80. 第 80 章
河风卷着碎雪扑在脸上,像无数细针穿刺。苏清晏的手指因攥紧铜模板而泛白,箭尾那撮西洋鹅羽在火光中颤得厉害,每一下都敲在她心上。身后追兵的喊杀声渐近,混着刀剑劈风的锐响。
“别松手。”陆景澜的声音压得极低,却稳如磐石,他没看她,目光死死锁着巷口冲来的黑衣人,“跟紧我。”
话音未落,他猛地旋身,佩刀劈出一道半弧,最前面的黑衣人仓促举盾,被震得连退数步,盾面凹出一个深痕。就这一瞬的空隙,陆景澜拽着苏清晏往河沿斜刺里冲,脚下的薄冰发出咯吱的碎裂声,冰冷的河水溅湿了靴筒。
“往这边!”他引着她拐进一条仅容一人过的夹道,两侧是高墙,墙根堆着废弃的造船木料。追兵的脚步声被夹道放大,像闷雷滚过。苏清晏跑得急,怀里的铜模板撞在胸口,钝痛传来,她却把它抱得更紧——那上面的密纹,是父亲留下的,是能让大明火炮脱胎换骨的关键。
夹道尽头是一处废弃的船坞入口,木门朽坏,挂着破渔网。陆景澜推了她一把,自己殿后,反手抽出一根粗壮的木料顶在门后。“他们不敢进来。”他借着透进来的微光观察四周,“这船坞是官用旧址,真闹大了,士族也怕担私闯官地的罪名。”
苏清晏靠着冰冷的船板坐下,终于有机会细看那支箭。箭镞是熟铁制,刃口带着西洋兵器特有的斜切纹路,箭杆上刻着一行极小的拉丁字母,她在西洋船坞见过类似的标记。“是葡萄牙人。”她抬眼,声音里带着压抑的冷,“和围我们工坊的,是一伙。”
陆景澜蹲下来,目光扫过箭上的字母,眉头拧得更紧:“恩师的密信没说错,士族真和西洋人勾连了。”他从怀里掏出那封折痕深重的信,指尖点过“通洋”二字,“我原本只当是传闻,现在看来,他们不只要抢技术,还要断大明海防的根。”
苏清晏的手指抚过铜模板上被箭镞蹭出的划痕,忽然想起什么,从领口掏出一根细铁链,链端系着那枚从西洋船坞捡到的金属构件。她把构件贴在铜模板的箭痕处,严丝合缝。“这构件,是他们火炮上的零件。”她声音发颤,“父亲的密纹,就是针对这种火炮的。”
陆景澜的眼神骤然锐利:“你是说,你父亲早就知道西洋人的技术,还留下了克制之法?”
“是。”苏清晏深吸一口气,把在船坞里发现的定向膛线校准法说了出来——那是铜模板密纹的核心,能让火炮的弹道误差缩小三成,射程提升近一倍。“只要有足够的精铁和工匠,我们能造出比西洋人更好的炮。”
“不够。”陆景澜打断她,语气冷静得近乎残酷,“光有技术没用,士族在朝堂上压着,海禁不除,我们连炼铁的炉都烧不起来。”他把信收回去,指尖在船板上划了一道深痕,“我要改《请复远洋疏》,不能只说海防危急,要拿出他们通洋的确凿证据。”
苏清晏看着他:“你有办法?”
“我在城防营有旧部。”陆景澜的声音压得更低,“士族封城,调动的是他们私养的兵,不是官军。我让旧部查了他们的运货记录,上个月有三艘西洋船进港,卸的不是货,是兵器,接货的是江南士族的人。”他顿了顿,“只要把这些和箭上的拉丁字母、你手里的铜模板凑成证据链,就能在朝堂上掀翻他们。”

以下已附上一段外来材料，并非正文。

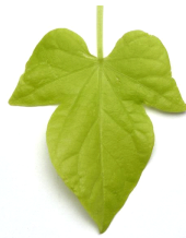
Ipomoea Spotlight™ Lime Heart
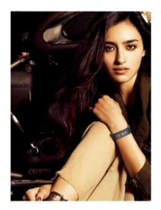
Beauty show This is your i5 Plus!
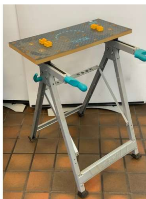
71. M - WOLF CRAFT MITRE SAW STAND
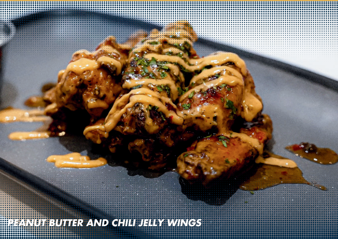
PEANUT BUTTER AND CHILI JELLY WINGS
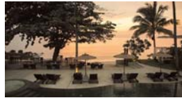
Outrigger Koh Samui Beach Resort 52 Rooms & Suites

苏清晏忽然明白他要做什么——他要把“私通外敌”的帽子扣在士族头上,这比单纯的“反对开海”致命得多。“但你怎么把证据送出去?”她问,“现在城门关着,你的人出不去。”
陆景澜笑了笑,那笑里带着几分险:“我没打算让他们出去。”他指了指船坞深处的一条暗道,“这是当年造战船时留的,通到城外的破庙。我会故意暴露行踪,把追兵引开,让旧部带着证据从暗道走。”
“那你怎么办?”苏清晏心里一紧。
“我自有办法。”他避而不答,只把佩刀递给她,“你拿着,等我引开追兵,你从暗道走,去破庙等我。”他盯着她的眼睛,“记住,铜模板不能丢,那是我们所有牌里最大的一张。”